» **Directions for this task**
Every entry should be returned unchanged, with the pictures omitted.
══════════
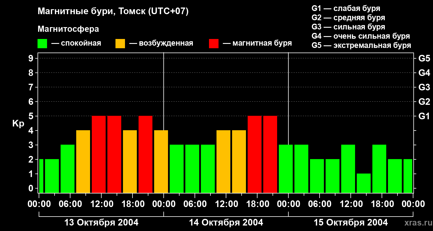 Изменения геомагнитного индекса Kp с 13 по 15 октября 2004 года для средних широт
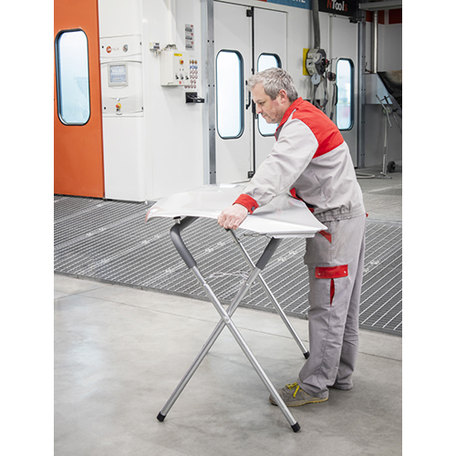 NTools UNI Stand это солидная подставка с регулируемым шагом, идеально подходит для работы в мастерских при обработке деталей кузова либо подготовке к замене стекол автомобиля. Поперечки защищены мягким покрытием из пенки EPE, которые смягчают удары и защищают елемент от повреждений. NTools UNI Stand дополнительно оснащен в резиновое крепление, позваляющее стабильно размещать элемент на подставке.
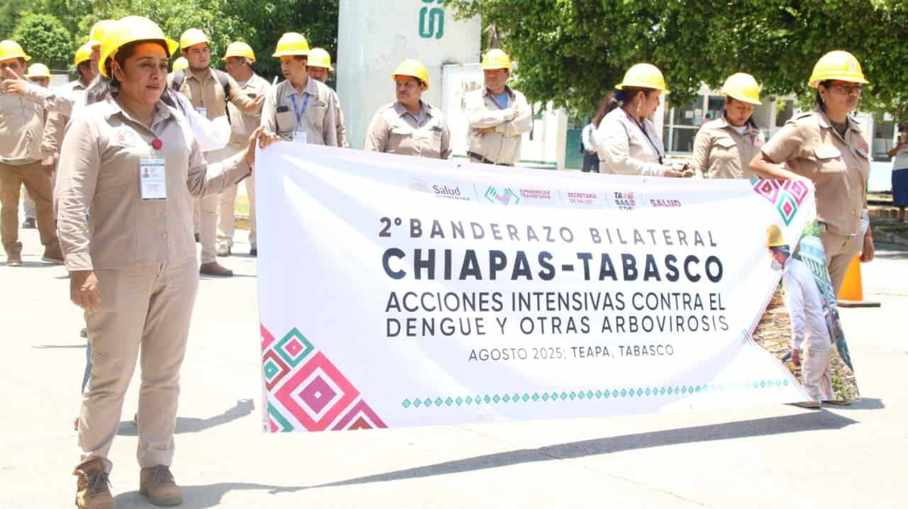 Los secretarios de Salud de Tabasco, Alejandro Calderón Alipi, y de Chiapas, Omar Gómez Cruz, encabezaron el Segundo Banderazo Bilateral de Acciones Intensivas contra el Dengue y otras Arbovirosis en Teapa, Tabasco.
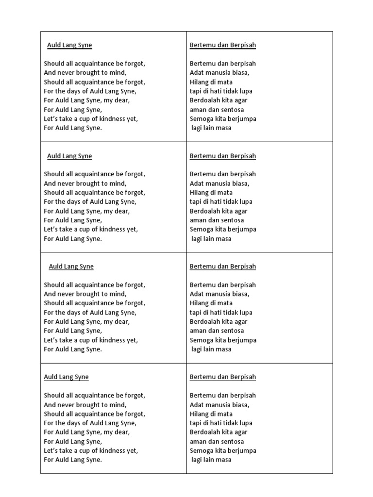 Lirik bertemu dan berpisah (auld lang syne).
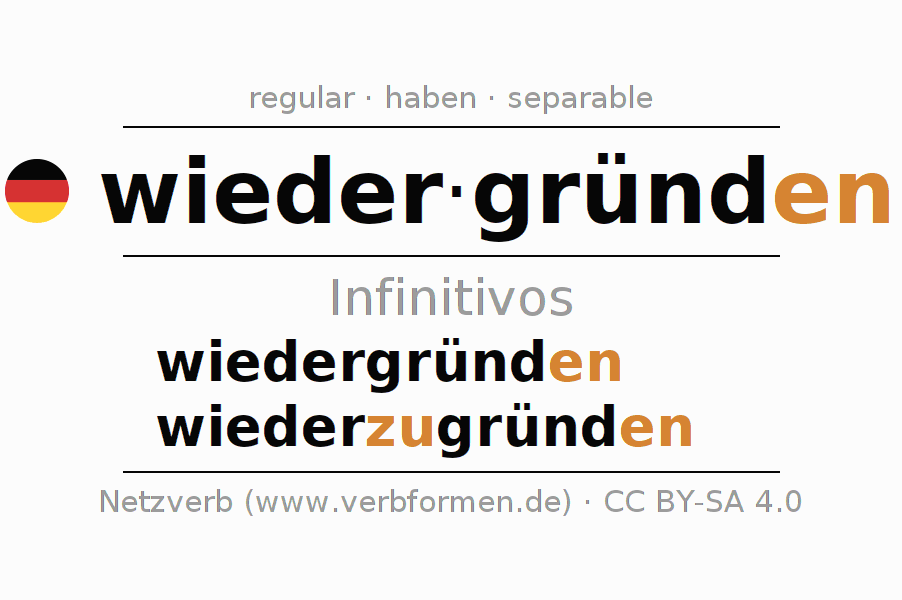 El verbo wiedergründen, conjugado completamente en todas las personas y números gramaticales en Infinitivo Presente Pasado perfecto.
══════════
» **Solution to this task**
 Изменения геомагнитного индекса Kp с 13 по 15 октября 2004 года для средних широт
 NTools UNI Stand это солидная подставка с регулируемым шагом, идеально подходит для работы в мастерских при обработке деталей кузова либо подготовке к замене стекол автомобиля. Поперечки защищены мягким покрытием из пенки EPE, которые смягчают удары и защищают елемент от повреждений. NTools UNI Stand дополнительно оснащен в резиновое крепление, позваляющее стабильно размещать элемент на подставке.
 Los secretarios de Salud de Tabasco, Alejandro Calderón Alipi, y de Chiapas, Omar Gómez Cruz, encabezaron el Segundo Banderazo Bilateral de Acciones Intensivas contra el Dengue y otras Arbovirosis en Teapa, Tabasco.
 Lirik bertemu dan berpisah (auld lang syne).
 El verbo wiedergründen, conjugado completamente en todas las personas y números gramaticales en Infinitivo Presente Pasado perfecto.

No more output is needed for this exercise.